The Fed, Treasury and FDIC announce measures to support banks after the collapse of Silicon Valley
The US government sought to bolster confidence in the US banking system by announcing on Sunday that it would protect all Silicon Valley bank depositors.
Treasury Secretary Janet Yellen has approved steps to resolve the Silicon Valley bankruptcy “in a way that fully protects all depositors,” the Treasury said in a joint statement with the Fed and the FDIC on Sunday.
That means FDIC-insured deposits of more than $250,000 will be available on Monday. The Treasury said the measures would not cost taxpayers.
In a joint statement from the US Treasury, the Federal Reserve and the Federal Deposit Insurance Corporation, the government said:
Today, we are taking decisive action to protect the US economy while strengthening public confidence in the banking system. The move ensures the U.S. banking system continues to play its critical role in protecting deposits and providing access to credit to households and businesses that support strong and sustainable economic growth.
After receiving input from the FDIC and Federal Reserve Boards and consulting with the President, Secretary Yellen approved actions to allow the FDIC to complete the Silicon Valley Bank, Santa Clara, Calif., settlement in a way that fully protects all depositors. Depositors will be able to access all their money from Monday, March 13. No taxpayers will bear any costs associated with Silicon Valley Bank’s decision.
We also specifically disclose similar systemic risk exposure for Signature Bank, New York, New York, which was closed today by its state charter authority. All depositors of this institution will be complete. As with the Silicon Valley bank decision, the taxpayer will not suffer any losses.
Shareholders and certain unsecured creditors are not protected. Senior executives were also fired. Any loss incurred by the Deposit Guarantee Fund in order to support uninsured depositors will be recovered through a special assessment of the banks in accordance with the requirements of the law.
Finally, the Federal Reserve Board announced on Sunday that it will provide additional funds to eligible depository institutions to ensure that banks can meet the needs of all depositors.
The US banking system rests on a stable and solid foundation thanks to reforms implemented after the financial crisis that have provided better protection to the banking sector. These reforms, combined with today’s actions, demonstrate our commitment to taking the necessary measures to ensure the preservation of depositors’ savings.

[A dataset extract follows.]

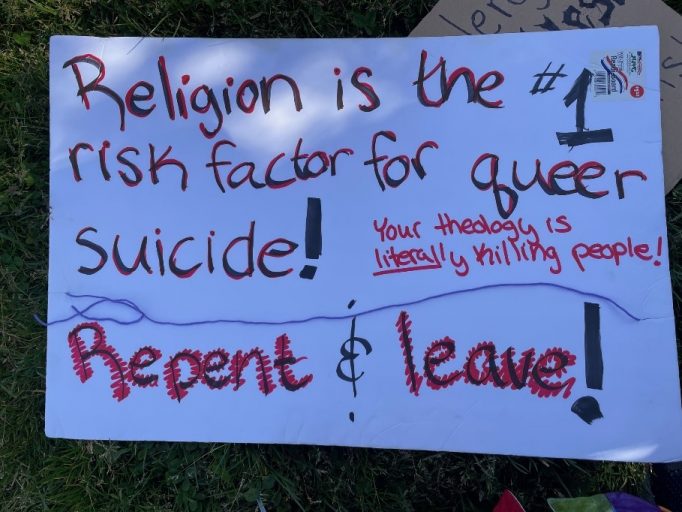 We stand in public affirmation of what we believe, especially in light of theology that has proven so damaging to people wrestling with their God-given sexual identity or gender that the only way they can see to end their pain is suicide. One Methodist minister protesting Mayday USA had a sign that read, “Religion is the #1 risk factor for queer suicide! Your theology is literally killing people! Repent and leave!”

The Federal Reserve added:
To support U.S. businesses and households, the Federal Reserve Board announced Sunday that it will provide additional funds to eligible deposit-taking institutions to help banks better meet the needs of all depositors. This action will strengthen the banking system’s ability to protect deposits and ensure a continuous supply of money and credit to the economy.

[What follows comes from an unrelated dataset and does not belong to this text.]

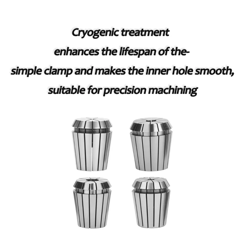 Upgrade your machining precision with this 7-piece ER11 collet set, designed for drill press and milling machines equipped with an ER11 chuck. Each collet undergoes advanced cryogenic treatment, significantly enhancing its lifespan and ensuring an ultra-smooth inner surface — ideal for high-accuracy work.
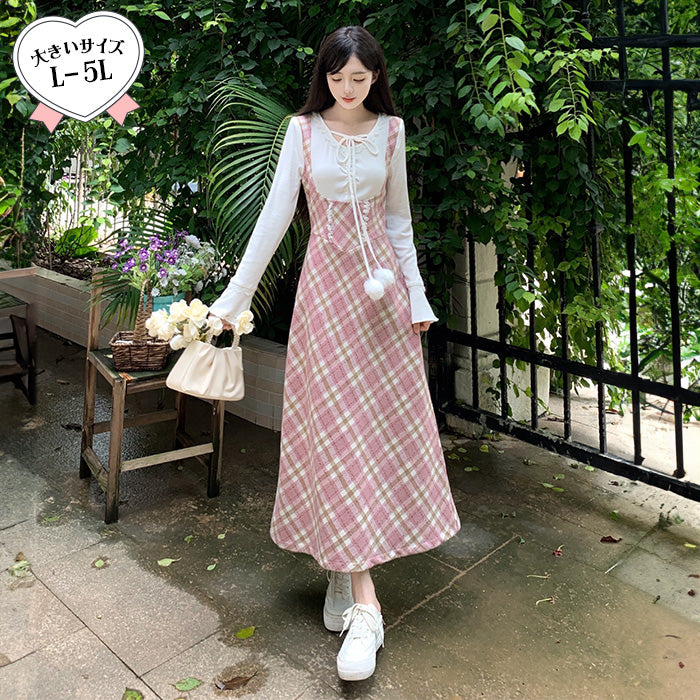 大きいサイズレディースチェックガーリー・ポンポンリボンワンピース(L/2L/3L/4L/5L)

The Federal Reserve is prepared to deal with any liquidity pressures that may arise.
The funding will be made available through the creation of a new Bank Term Funding Program (BTFP) that provides loans of up to one year to banks, savings associations, credit unions and other eligible deposits backed by US Treasury bills, agency debt and mortgage-backed securities. and securing other eligible assets. These assets are valued at nominal value. BTFP will be an additional source of liquidity against high-quality securities, eliminating the need for an institution to quickly sell these securities during a crisis.
With the approval of the Treasury Secretary, the Treasury Department will provide up to $25 billion from the Exchange Stabilization Fund as a safety net for the BTFP. The Federal Reserve doesn’t think it’s necessary to dip into these support funds.
After receiving input from the Federal Deposit Insurance Corporation (FDIC) and the Board of Directors of the Federal Reserve System, Treasury Secretary Yellen, in consultation with the President, approved measures to allow the FDIC to enforce its ruling on the Silicon Valley bank. method that protects all depositors, insured and uninsured. These measures will reduce stress on the entire financial system, support financial stability and minimize any impact on businesses, households, taxpayers and the wider economy.
The Board closely monitors developments in the financial market. The capital and liquidity position of the US banking system is strong and the US financial system is stable.
Depository institutions can obtain liquidity across a wide range of collateral through the discount window, which remains open and accessible. In addition, the discount window applies margins used for BTFP-enabled securities, further increasing the credit value of this window.
The Council will closely monitor the situation in the financial system and is ready to use its full range of tools to support households and businesses and take additional measures if necessary.